Silver Creek’s evergreen fund eyes $500m – exclusive

 The Seattle-based firm will put money into alternative yields and opportunistic investments with a majority of the portfolio’s capital going to Europe.  

Silver Creek Capital Management is looking to raise a sixth private credit fund with an initial target of between $250 million and $500 million, a market source has told PDI.

The Seattle-based firm is planning an evergreen fund with an initial vintage period that will last through 31 December 2017. There will be successive tranches for the credit fund following the initial vintage period, the source said. The firm runs a multi-manager portfolio that invests in underlying credit funds.

The sixth private credit fund will have 60 percent to 75 percent of its assets allocated to alternative yield funds, which includes middle-market direct lending, rescue financing and special situations. The remaining 25 percent to 40 percent of assets will be put toward opportunistic investments, a category that involves non-performing loans, asset financing and leasing.

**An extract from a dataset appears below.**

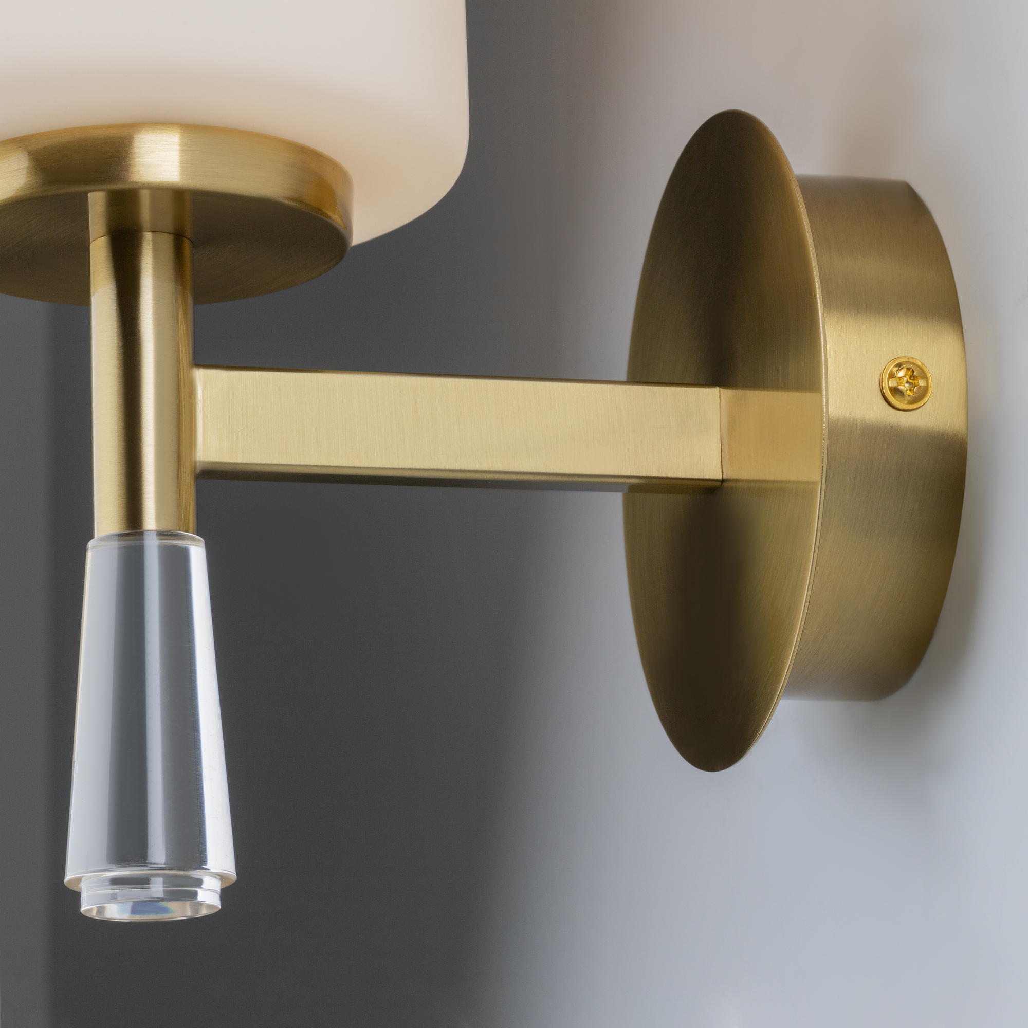 Металлическая арматура: латунь или никель (новинка серии).Белые стеклянные плафоны цилиндрической формы, направленные вверх.. Хрустальное основание с акриловыми каплями. Лампа E27.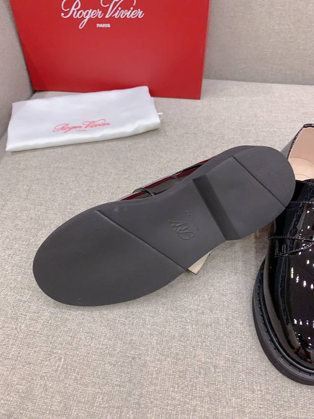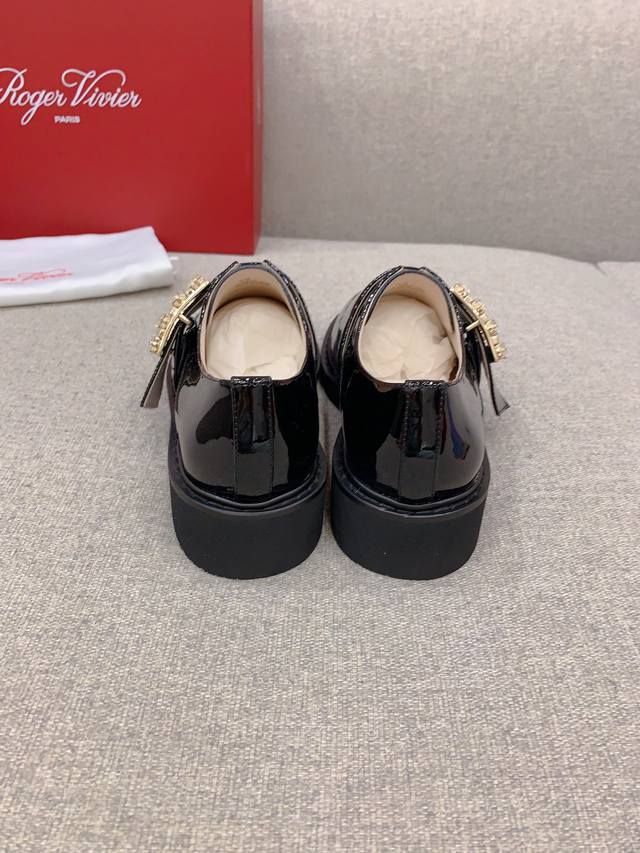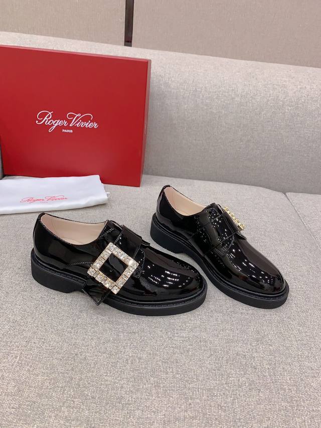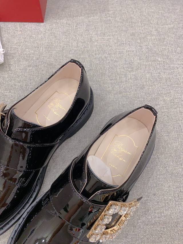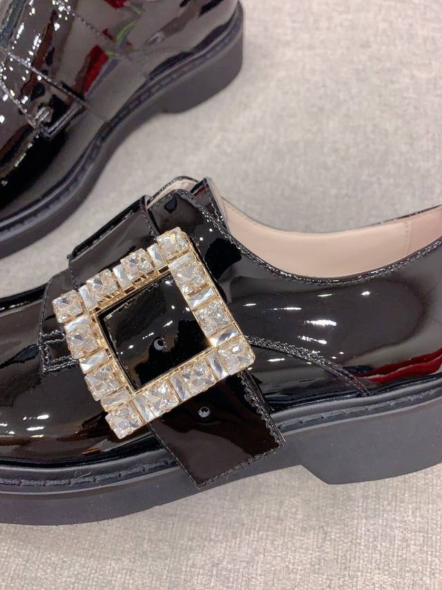 / 出厂价p Roger Vivie*新款漆皮钻扣乐福鞋 整双鞋子上脚超级温柔 乖巧减龄 好看炸了 鞋面牛漆皮 原版开模水钻扣 内里垫脚羊皮 原版开模大底 尺码35

In terms of geography, the credit fund will invest a majority of its capital in Europe, the source said. The remainder will likely be invested across Asia, Australia and North America.

The committed capital will be reinvested until the LPs decide to terminate the commitment after at least two years, according to documents obtained by PDI. There would be no leverage at the fund level, which comes with a 0.65 percent management fee on its net asset value rather than committed capital. The fund does not charge an incentive fee.

Silver Creek has $6.8 billion in assets under management, $2.5 billion of which is in private credit. More than half of Silver Creek’s AUM comes from insurance firms (35 percent) and pension funds (32 percent), according to the documents. The firm’s fifth private credit fund, which was a closed-end fund, raised $800 million between fund capital and separate accounts.